In this work, a novel Mn­(II) chain coordination polymer (Mn-CP), {[Mn­(iip)­(2bbpum)0.5(H2O)3]·2H2O} n [H2iip = 5-iodoisophthalic acid, 2bbpum = N,N′-bis­(2-pyridinemethyl)­oxamide] was synthesized under ambient conditions. Mn-CP further assembles into a 3D supramolecular architecture through hydrogen bonds, halogen bonds, and ππ stacking interactions. The composite Mn-CP/nafion membrane has low activation energy for proton transfer, which results in its temperature-insensitive proton conductivity. The cyclic voltammetry demonstrates that the Mn-CP electrode (Mn-CP/GCE) shows quite different redox properties in 0.1 M H2SO4 and 0.1 M PBS aqueous solutions. The Mn-CP/GCE exhibits a couple of irreversible redox peaks with an oxidation peak potential suitable for the nitrite oxidation in 0.1 M H2SO4. Quite differently, in the PBS aqueous buffer solution, the Mn-CP electrode has a couple of irreversible redox peaks. The reduction peak potential is appropriate for the H2O2 reduction.

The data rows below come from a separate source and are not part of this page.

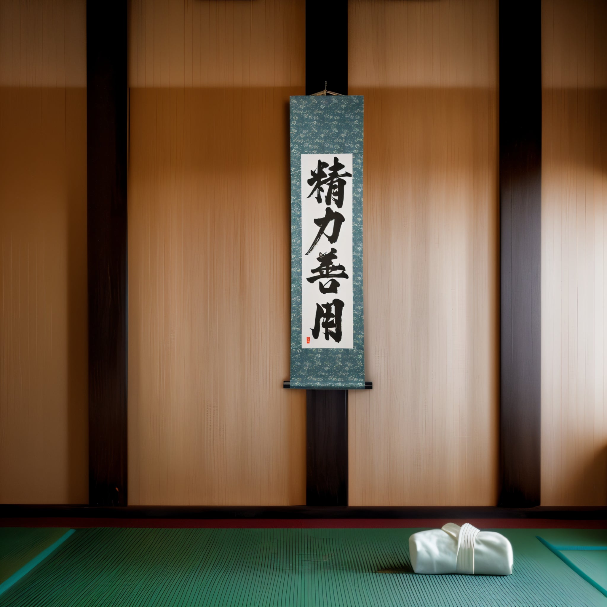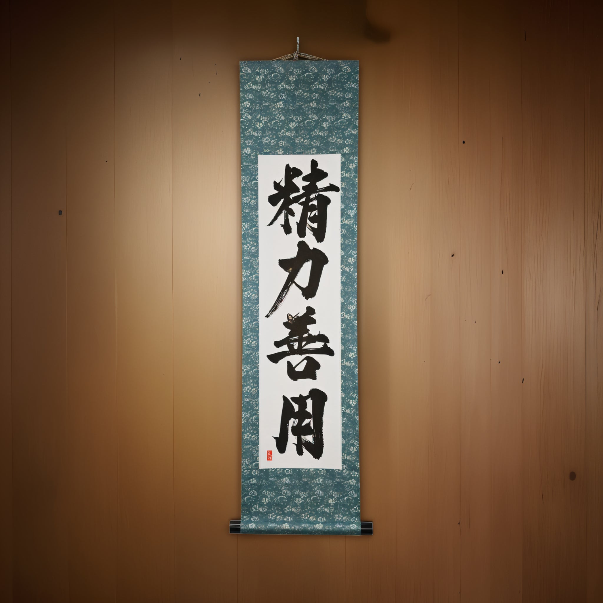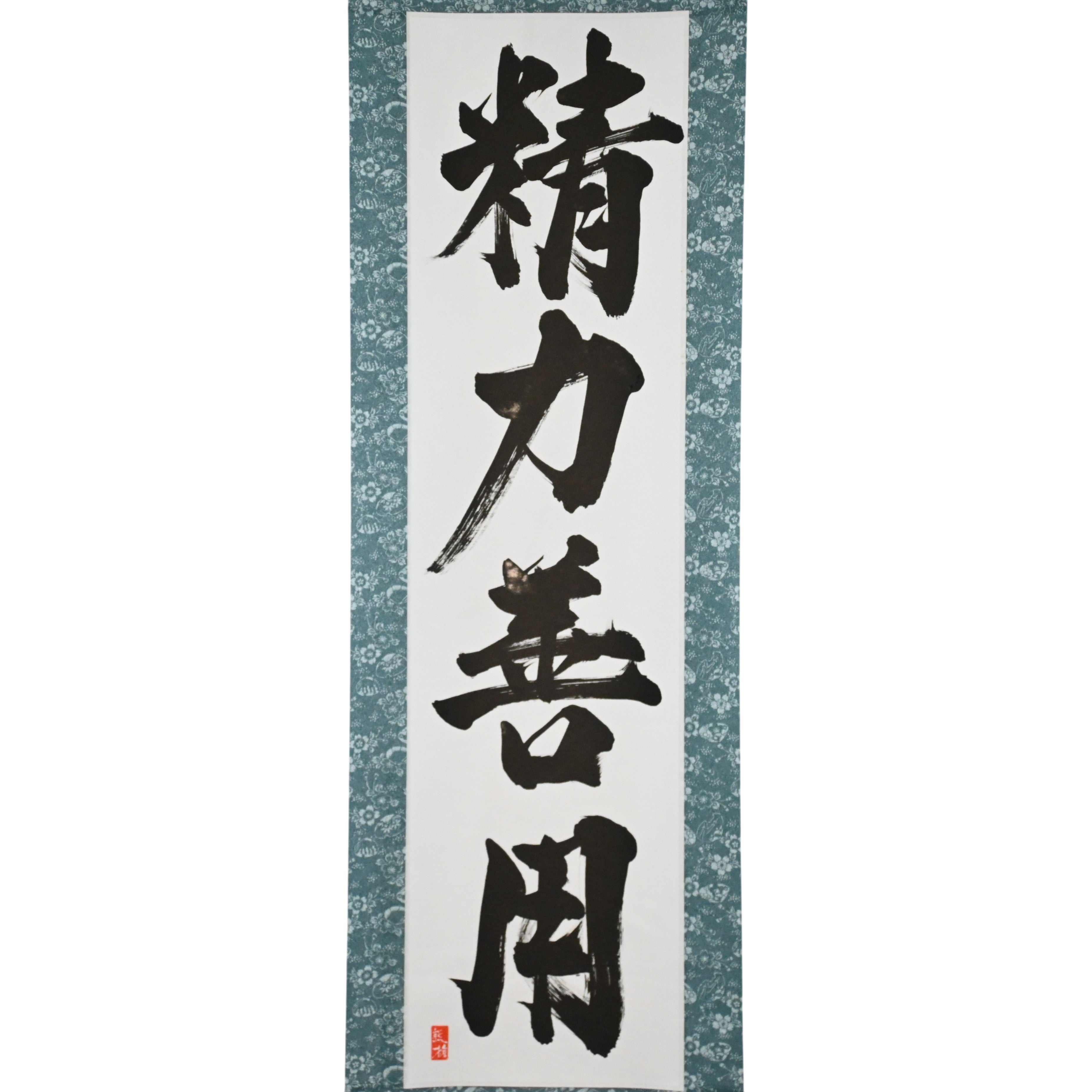 Questo rotolo di calligrafia giapponese presenta la frase senza tempo 精力善用 (Seiryoku-Zenyō) — tradotta come "Massimo Uso Efficiente dell'Energia". È uno dei due principi fondamentali del Judo, insieme a 自他共栄 (Jita-Kyōei, "Benessere e Beneficio Reciproco"), entrambi stabiliti dal fondatore del Judo, Jigoro Kano (嘉納治五郎).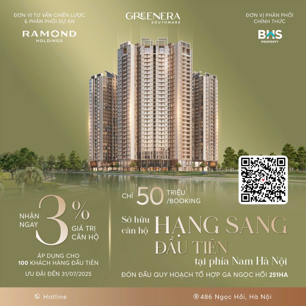 Chung cư Greenera Southmark Ngọc Hồi được xây dựng trên khu đất rộng 24.282m², gồm ba tòa nhà cao tầng từ 25 đến 30 tầng, kèm theo 3 tầng hầm, cung cấp 830 căn hộ cao cấp được thiết kế bài bản. Dự án được quy hoạch đồng bộ với hạ tầng hiện đại, mang đến không gian sống tiện nghi và thoải mái cho cư dân.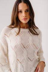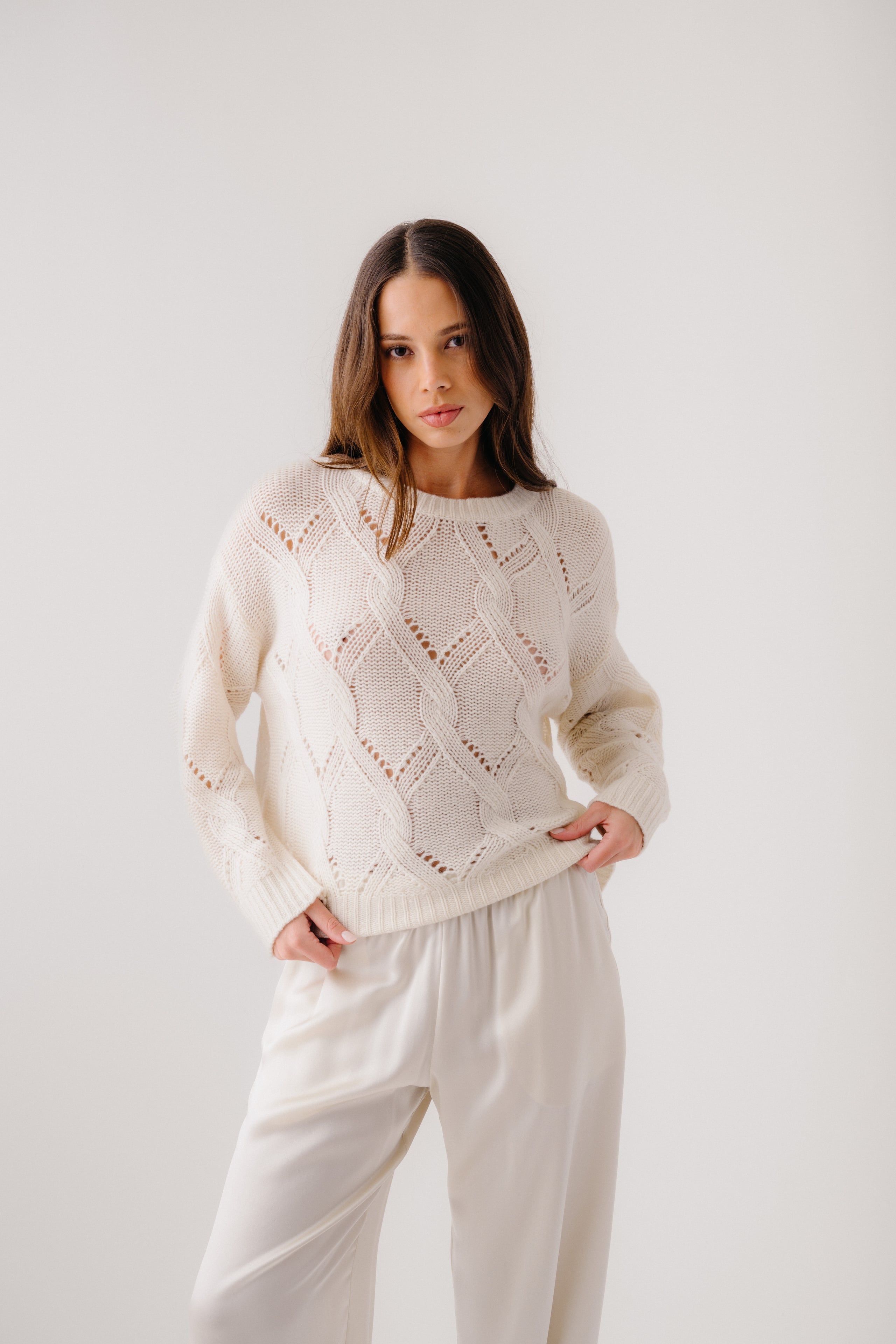 GIA SLOUCHY CABLE KNIT CASHMERE CREWNECK SWEATER | GARDENIA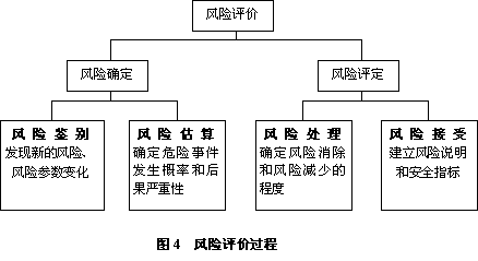 风险评价的过程包括风险确定和风险评定两大部分,又可细分为风险鉴别、风险估算、风险处理、风险接受等4个方面。详见图4所示。风险鉴别是风险估算的前提,风险估算完成后还要对风险进行处理,在费用、进度、产品性能等约束条件下采取措施来控制或消除风险,最后根据残余的风险值和风险接受的标准来决定风险是否能够被接受。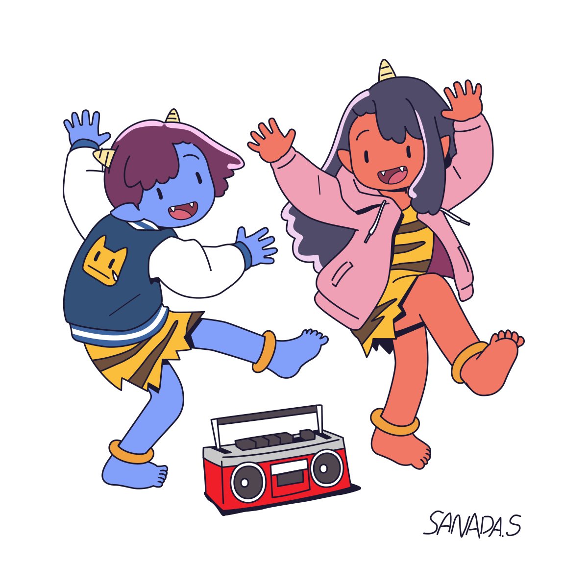 animal_print anklet barefoot bracelet broken_horn colored_skin dancing fangs highres hood hoodie horns jewelry naita_akaoni oni open_mouth red_skin sanada_shin sharp_teeth short_hair smile teeth tiger_print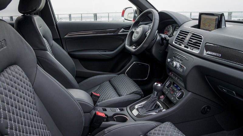 Forman parte del equipamiento de serie de las dos versiones los faros con tecnología LED, los asientos deportivos con el logotipo «RS Q3» bordado, el portón trasero de accionamiento eléctrico o las inserciones en fibra de carbono. En la pantalla del cuadro de instrumentos, además de un cronómetro para contabilizar tiempos en vueltas a un circuito, se muestra información de la temperatura del aceite y la presión de sobrealimentación.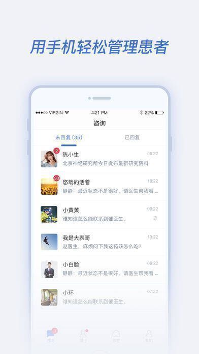 通讯录管理:添加其他医生为好友,与同行交流,积累经验,解决疑难病患问题。

So, the Mn-CP/GCE can be used not only in the electrocatalytic oxidation of NO2 – but also in the electrocatalytic reduction of H2O2. The amperometric response reveals that the Mn-CP/GCE exhibits high-selective and extremely sensitive oxidation sensing of NO2 – and reduction sensing of H2O2. The exponential detection range is 0.01–20 mM for NO2 – and 0.01–10.5 mM for H2O2. The linear detection range for both H2O2 and NO2 – is 0.01–0.10 mM. The detection limit is 1.865 μM for NO2 – and 8.57 μM for H2O2. The Mn-CP/GCE exhibits high electrochemical stability and fine reproducibility. Moreover, the strategy can be translated to a portable screen-printed electrode (SPE). The Mn-CP/SPE shows more sensitive sensing to NO2 – and H2O2 than Mn-CP/GCE. Moreover, it can detect NO2 – and H2O2 efficiently in the real-world samples. So, Mn-CP may be a potential dual nonenzymatic electrochemical sensory material for NO2 – via oxidation sensing and H2O2 via reduction sensing.